Hardy, with the help of some digital trickery, tries his best. As Reggie, his charm acts as a temporary cover for his violent nature, a cover that Ronnie doesn’t possess. One of the few smart choices made by Brian Helgeland, who writes and directs, is to start the film with the Krays already in power. We’re not force fed the biopic rulebook and we’re spared the childhood montage. As we meet the twins, they’re already looming large over the East End of London; and with opposition from rival firms, they’re locked in a battle for supremacy as they expand their empire and work with gangsters from across the pond.
But the film is only mildly interested in all that. Instead, Reggie’s burgeoning relationship with the 18-year-old Frances, AKA Frankie, takes centre stage. In one of the film’s strangest moves, Frankie, played with semi-conviction by Emily Browning, becomes the film’s narrator as she recounts inner-gangland dealings, the police hunt for the pair and other events that she would have absolutely zero awareness of. The narration becomes lazy shorthand for a script that’s lacking in depth but overflowing with bad dialogue (“A dirty deal for a clean life”) and, given the short shrift that’s given to the Krays’ criminal dealings, the focus on Reggie’s marriage feels a clumsy way of appealing to a wider audience.
Despite the fact that we’re dealing with all too real and relatively recent events, the entire film is given a brightly lit, cartoonish feel as if we’re watching an adaptation of a gaudy graphic novel. Scenes are constructed as if they’re part of a stage production, the soundtrack is clunky and filled with maddeningly obvious choices (Chapel of Love for the wedding? Check) and the production design is strangely glossy, making us feel as if we’re killing time at the swinging 60s wing of a theme park. The result is a major lack of atmosphere and an overwhelming stench of inauthenticity. We’re never transported, we’re merely stuck on a tour bus.

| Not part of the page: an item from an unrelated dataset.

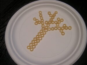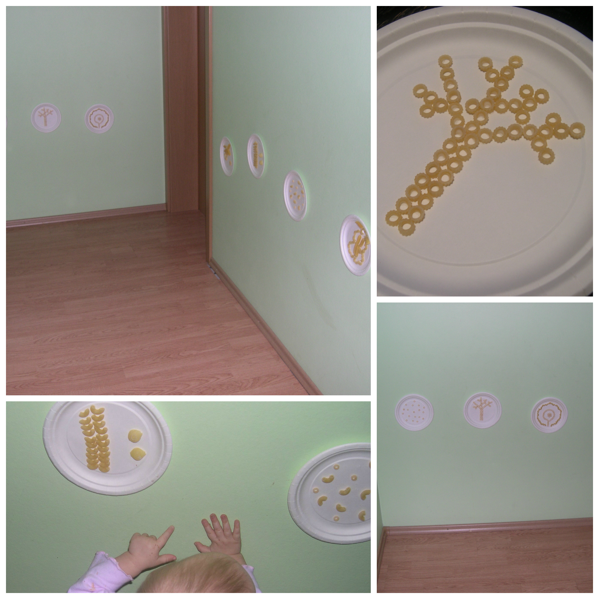 - Palei sieną paskatinsite kūdikį vaikščioti, jei ant jos pakabinsite paveiksliukų. Rekomenduoju pagaminti lėkštes su makaronais. Naudinga bus ir mažiesiems pirštukams. Klijai – lipalas. Prisiklijuoja labai tvirtai. O ant sienos paveikslėlius priklijuoti dvipuse lipnia juosta (kai jų nebereiks, juosta lengvai nuo sienos nusivalo pakaitinus plaukų džiovintuvu). Skatinkite kūdikį palei sieną vaikščiotų į abi puses.

While Hardy is undeniably commanding as Reggie, in the more difficult role of Ronnie, he is only intermittently effective. Too often Hardy’s performance falls into broad “crazy eyes” villainy, with a voice that recalls a slightly more distinct Bane. But given Helgeland’s equally pantomime surroundings, one can’t really blame him too much.
Ultimately, there’s not enough within Legend to elevate it from other British crime films, despite the wealth of real-life drama to play with. By turning the period into a playground, it softens the horror of what really happened, and the tyranny of the Krays becomes diminished as a result. It’s a disappointingly shallow take on a fascinating period of time and leaves us sorely uninformed, as if we’ve skim-read a pamphlet. The legend might live on but Legend certainly won’t.